Many will find my bearish forecast peculiar in light of my long-standing forecast for a collapse in shares. Surely, gold will be a safe haven in this scenario – and will shoot up beyond the old $2,000 high! That is the story being peddled currently. But not so in the deflationary collapse I see coming.
Old relationships and old certainties are being broken down in this era of negative interest rates. Fresh thinking is needed in today’s environment!
Just as old political relationships are being torn apart, so are financial ones. I have written before of the madness of negative rates and the perverted markets that have been created. Gladly for us, they are still conforming to my Tramline system of analysis with some great swings!
Will stocks collapse next week?
Just as I monitor the MSM for contrarian clues in gold, I do the same for stocks. And the ground is pretty fertile! You just cannot avoid reading about the ‘Recession Alert’ being flagged by the current yield inversion. It is getting star billing – along with the universal chart that shows that every recent recession was preceded by such a yield peculiarity.
The inference is, of course, that stocks are poised for a collapse in a repeat of history. While that is probably correct, their timing may be way off. Already, the internals for the S&P show that investors are buying puts options as portfolio protection in vast numbers. And the VIX fear index is shooting up to confirm that fear of big losses is very real.
And that fear is translating into selling pressure. But has the fear gone a little too far? – here is the S&P short tern 1-hr chart
From the July ATH, the market plunged to my wave 1 low and then staged the relief rally in a typical A-B-C to the standard Fibonacci 62% retrace to the wave 2 high. It then fell hard to break an internal small blue trendline in a continuation of the downtrend.
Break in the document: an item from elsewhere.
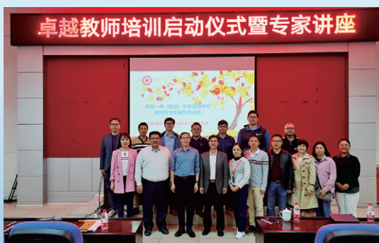
“卓越教师”培训启动仪式

浩荡东江，德本中堂；幸福品质，慧雅铸造。坐落在龙舟之乡的东莞市第一中学（集团）中堂实验中学，犹如一朵高雅清丽的幸福之花，在莞邑大地上烂漫绽放。
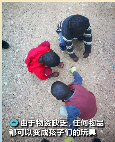
由于物资缺乏，任何物品都可以变成孩子们的玩具

有首歌这么唱道：“珍惜一切就算没有拥有”。一个用数个塑胶袋制作的足球、一个简朴的跷跷板，甚至用吸管做成的“指挥棒”，就足够让大孩子和小瓜们玩一整天……院区里的生活和设备虽说简单，纪律严格，孩子在物质上所拥有的不及城市里的孩子们，但精神层面上已经远超他们。也许是他们的生活或一些经历让他们比一般孩子成熟一些，但和孩子们相处的短短几天里，我深深地体会到了知足的精神、简单的真谛。

And last week’s rally to the kissing area of the blue line is surely a recognition that the fear has indeed been overdone. But now the market must make up its mind. If we do get a genuine kiss next week, we shall have a Scalded Cat Bounce down in wave 3 of 3 (the strongest wave in the book).
Failing that, a strong move above the blue line next week would suggest more upside is need to relieve the extreme gloom currently pervading the market.
HasSilver topped?
Again, the MSM is very helpful in offering me some contrarian clues. Just about every article I read points to the ‘undervalued’ status of silver compared with the rampant gold market. They point to the very high gold/silver ratio and suggest it must decline as it has met a valuation from where previous declines were started.
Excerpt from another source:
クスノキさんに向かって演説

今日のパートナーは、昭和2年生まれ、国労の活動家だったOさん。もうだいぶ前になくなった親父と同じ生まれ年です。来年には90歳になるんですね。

That may be true, but a decline from the current high reading could also be accomplished by a faster decline in gold than in silver!
One clue I have is in the wave pattern – here is the daily
I have a lovely tramline pair (blue) and from the late May low at 14.35, the market has advanced in a clear five wave impulsive pattern that should be complete. Not only that, but at the 17.50 high made on Tuesday, it hit a significant Fibonacci 50% resistance level!
Finally, the final rally to the wave 5 high at 17.50 occurred on a strong momentum divergence – a sure sign buying pressure was waning.
Odds are good we have seen at least a temporary high (it may not be the final high!) and a significant pull-back is due.